Игрушки он недолюбливал, а мне подарили железную дорогу — рельсы, пружинный паровозик, семафоры. Твердо знаю, что хитрая эта конструкция не просуществовала и двух дней. Я ее, конечно, разобрал и, конечно, не смог собрать. Витя что-то наладил, но починки были не про меня, после очередной игры сам изобретатель паровоза не мог бы его воссоздать. Мы с Витей оставались одни — мама сидела в киоске, бабушка уходила на базар или подрабатывала у кого-нибудь домашними услугами — стирала белье, мыла полы, таскала дрова на кухню. Витя садился на пол, я плюхался рядом. Он раскрывал букварь, показывал картинки, называл буквы, учил их складывать. Думаю, ученье на первых порах шло не борзо, Витя часто говорил мне:

— Селезя, ты дуляк!

Он не сердился, не раздражался, не вспыхивал и уж, разумеется, не бил меня, только произносил эту фразу, которая десятки лет потом звучала в моих ушах: «Селезя, ты дуляк!» И говорил так огорченно, с таким страданием за мою неспособность, что я, вероятно, из кожи лез, только чтобы не услышать ее снова. Она действовала куда сильней маминых колотушек и бабушкиных укоров.

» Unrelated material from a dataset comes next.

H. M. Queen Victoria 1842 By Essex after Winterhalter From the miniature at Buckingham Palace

Я боялся смотреть на брата, на его нахмуренное лицо, я знал: я, естественно, дурак, куда мне до Вити, но я честно старался постичь урок, я вглядывался в буквы и картинки, каждая буква была картинкой, я соединял в уме одну с другой, обе с третьей, три с четвертой и пятой и вслух объявлял, что получалось. Но получалась иногда такая несусветность, что приходилось опять выслушивать серьезное и печальное:

— Селезя, ты дуляк!

Каждый день мы сидели на полу, постигая тайны букваря, и Витя честно говорил маме, забегавшей нас проведать, — он в эти одинокие часы отвечал за мое поведение:

— Селезя не баловался, но Селезя дуляк!

Этот приговор до того соответствовал маминым представлениям о моих способностях, что она никогда его не опровергала, только в утешение целовала меня, как и Витю, торопливо усаживала за стол, торопливо ела сама и уходила в киоск. Посуду убирала уже бабушка.

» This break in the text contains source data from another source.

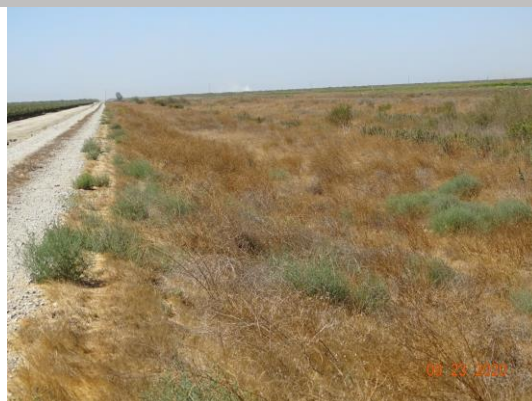
Looking upstream along the waterside slope. (Fall 2020)
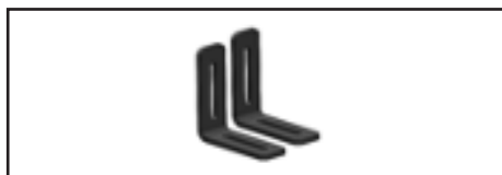
22352 Light Bar L-Bracket QTY:2
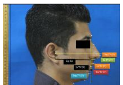
Figure 9: Horizontal measurements (parallel to TH line).
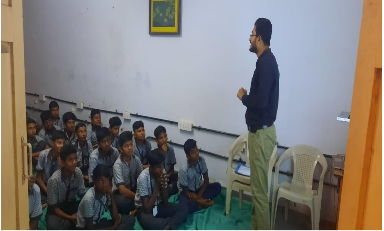
G. V. D Sarvajanic High School, Valsad
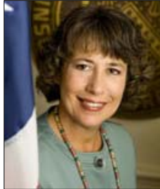
Sheila Bair, Chairman, Federal Deposit Insurance Corporation.

На фотографиях Витя лихо разъезжает на велосипеде, просто стоит рядом со мной, но я не помню его без костылей. Костный туберкулез, уведший его в могилу, вскоре после ареста и высылки отца так обострился, что брата положили в больницу. Отныне и до смерти я видел его только в те дни, когда разрешалось посещение и мама брала меня с собой.

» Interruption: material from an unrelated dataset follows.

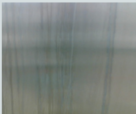
Stainless Steel Sheet Fabrication Prior to Application
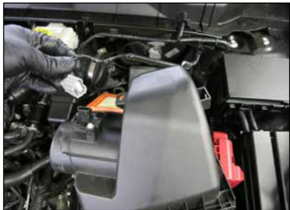
6. Position the upper housing and access the mass air sensor electrical connection. Disconnect the mass air sensor electrical connection and the remove the housing from the vehicle.

Я остался без строгого наставника и друга. И оказалось, что за время наших занятий я так сносно научился читать, что мог коротать одиночество с книгой. Одиночество было странным, я не тяготился им, пока не наступала темнота.

Днем я гонял по улице, частенько наведывался к маме в киоск, а когда она отправлялась в типографию за вечерними газетами, возвращался домой. Дома было темно, только в уголке перед образом Богородицы и деревянным складнем с Христом теплилась лампадка, но она часто гасла (то ли лампадного масла не хватало, то ли фитилек не справлялся). И при лампадке было не сладко, Христос, строгий, как мой брат, только не такой всепрощающий, грозно глядел со складня огромными темными глазами. Куда бы я ни забивался, меня настигали безжалостные Господние глаза, у меня спирало дыхание, я уныло вспоминал, что натворил за день. Грехов выходило так много, что карающий взгляд вполне мог смениться чем-нибудь посущественней — например, низвержением в ад. Каждый вечер я чуть ли не ждал, что меня прямо из удобной постели вышвырнет в адские котлы — честно говоря, ожидание было не из приятных. Я начинал отчаянно, самозабвенно молиться: «Больше не буду!», «В последний раз, Боженька!» Собственно, это была не молитва, а мольба, вряд ли она могла порадовать бабушку, старательно обучавшую меня взывать к Господу по-хорошему и уверяющую, что никакой отсебятины Господь не потерпит, лучше уж совсем не молиться, чем разводить самодеятельность.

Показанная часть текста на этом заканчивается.